- _What is being asked_: Retype exactly the span of lines below from the one with "Amerykański prezydent wielokrotnie" through the one with "Las fiestas de". Do not include pictures.

- _Records excerpted from a collection_:
————————
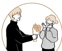
ロマンチックタイプ

下記の4つの恋愛傾向タイプに基づいて、おすすめのクリスマスデートプランを導き出します。
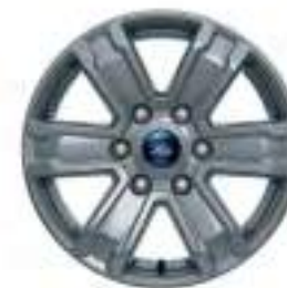
17" OBRĘCZE KÓŁ ZE STOPÓW LEKKICH Dla wersji XLT opcja dostępna w Pakiecie Technology 50
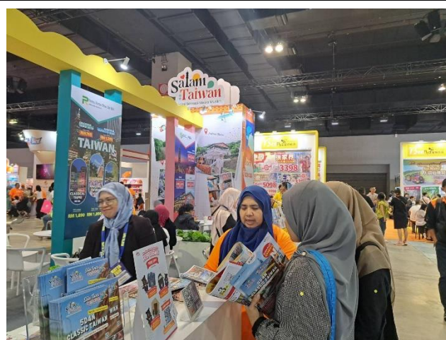
臺灣館清真旅遊專區
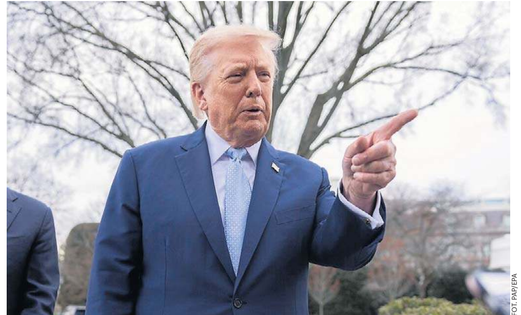
Oświadczenie Trumpa pojawiło się w sobotę wieczorem na platformie Truth Social. Ultimatum upływa tuż przed 1 w nocy czasu polskiego z poniedziałku na wtorek

Amerykański prezydent wielokrotnie wcześniej groził zniszczeniem irańskich elektrowni - w tym elektrowni jądrowej - twierdząc, że w ten sposób w ciągu godziny mógłby spowodować takie zniszczenia, że kraj nie byłby się w stanie z tego podnieść. Trump podkreślał jednak wówczas, że jest „miły” i tego nie robi.
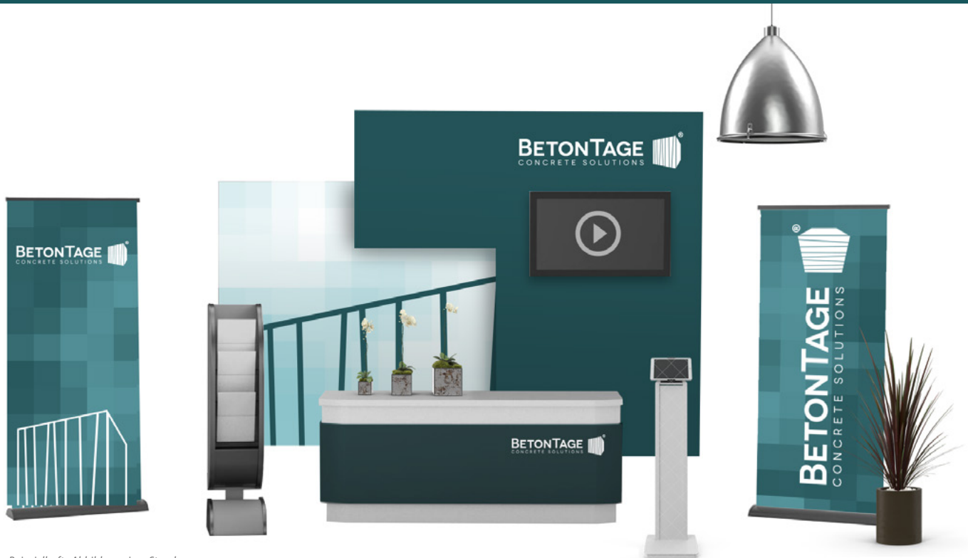
Beispielhafte Abbildung eines Standes in der virtuellen Ausstellung.

Mit den digitalen BetonTagen stellen wir Ihnen ein optimales Umfeld für den Informationsaustausch zwischen Ihnen und Ihren potentiellen Kunden bereit. Nutzen Sie diese innovative zeit-, kosten- und ressourcensparende Variante, um sich mit Kunden oder Interessierten auszutauschen und diese über Ihre Produkte und Leistungen zu informieren. Darüber hinaus müssen Sie keinen Aufwand für Reiseplanung, Übernachtung und Verpflegung aufwenden und können Ihre Ressourcen gezielt in die Ansprache Ihrer Zielgruppe investieren. Wir unterstützen Sie bei der Standgestaltung gerne mit allem, was Sie brauchen.
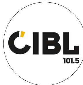
CIBL 101.5 Entrevue radio à l'émission « Le retour »
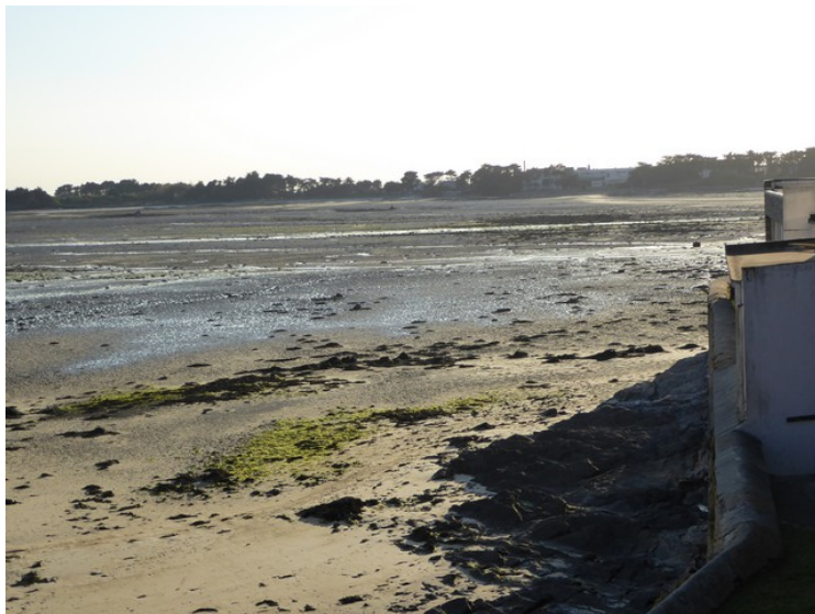
Det var lavvann, så det så ikke veldig innbydende ut.
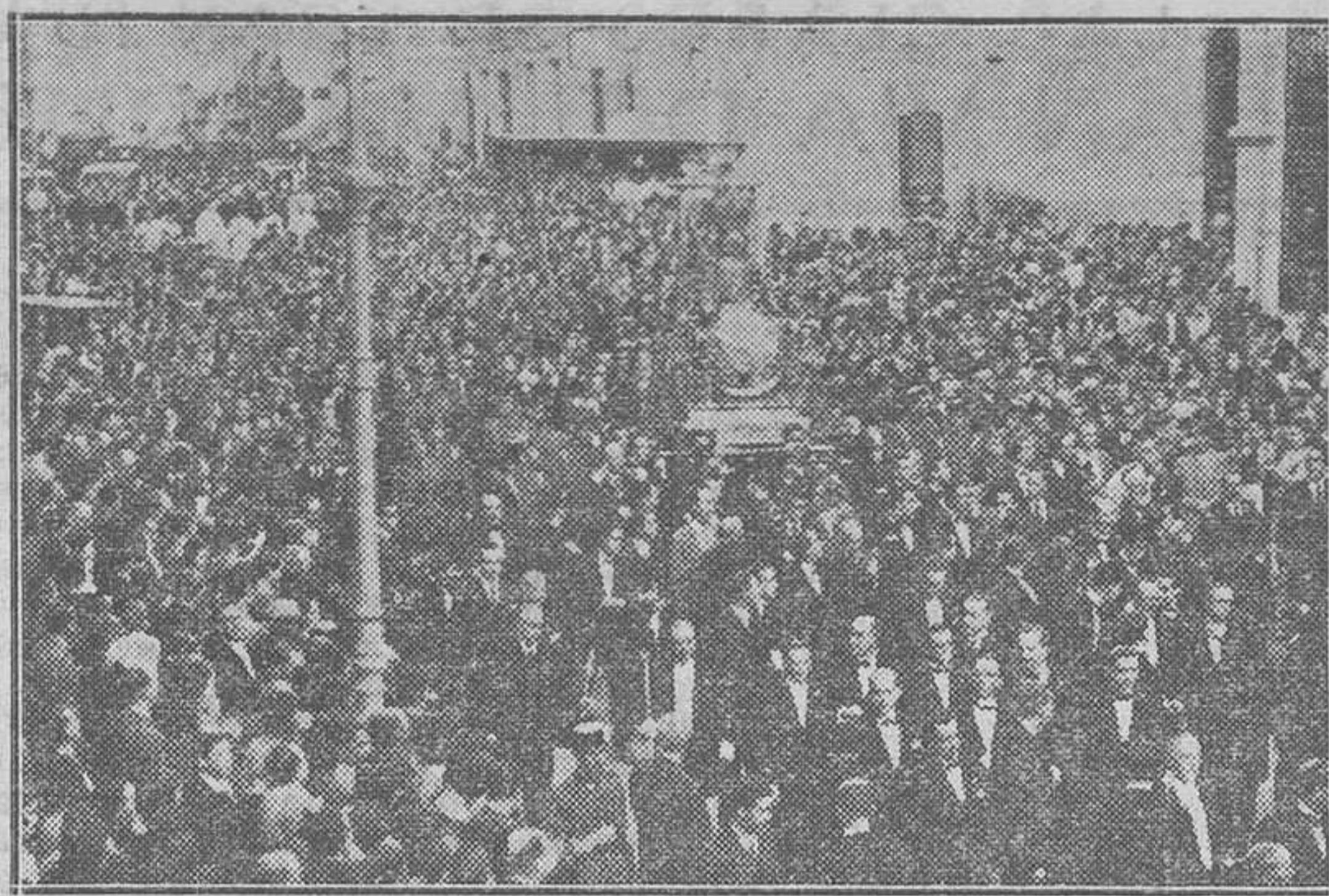
Las fiestas de otoño en Granada en honor de su Patrona la Virgen de las Angustias han terminado con la solemne procesión, celebrada con inusitado esplendor, en que la Virgen ha recorrido la capital entre fervoroso entusiasmo, después de tres años en que no se efectuaba la procesión.

Todo esto pasará, porque el mundo ha empezado a liquidar el ideal revolucionario. Todo esto pasará, pero entre tanto hay que armarse de paciencia y de tenaci-
————————
- _Exercise output_:
Amerykański prezydent wielokrotnie wcześniej groził zniszczeniem irańskich elektrowni - w tym elektrowni jądrowej - twierdząc, że w ten sposób w ciągu godziny mógłby spowodować takie zniszczenia, że kraj nie byłby się w stanie z tego podnieść. Trump podkreślał jednak wówczas, że jest „miły” i tego nie robi.
Beispielhafte Abbildung eines Standes in der virtuellen Ausstellung.

Mit den digitalen BetonTagen stellen wir Ihnen ein optimales Umfeld für den Informationsaustausch zwischen Ihnen und Ihren potentiellen Kunden bereit. Nutzen Sie diese innovative zeit-, kosten- und ressourcensparende Variante, um sich mit Kunden oder Interessierten auszutauschen und diese über Ihre Produkte und Leistungen zu informieren. Darüber hinaus müssen Sie keinen Aufwand für Reiseplanung, Übernachtung und Verpflegung aufwenden und können Ihre Ressourcen gezielt in die Ansprache Ihrer Zielgruppe investieren. Wir unterstützen Sie bei der Standgestaltung gerne mit allem, was Sie brauchen.
CIBL 101.5 Entrevue radio à l'émission « Le retour »
Det var lavvann, så det så ikke veldig innbydende ut.
Las fiestas de otoño en Granada en honor de su Patrona la Virgen de las Angustias han terminado con la solemne procesión, celebrada con inusitado esplendor, en que la Virgen ha recorrido la capital entre fervoroso entusiasmo, después de tres años en que no se efectuaba la procesión.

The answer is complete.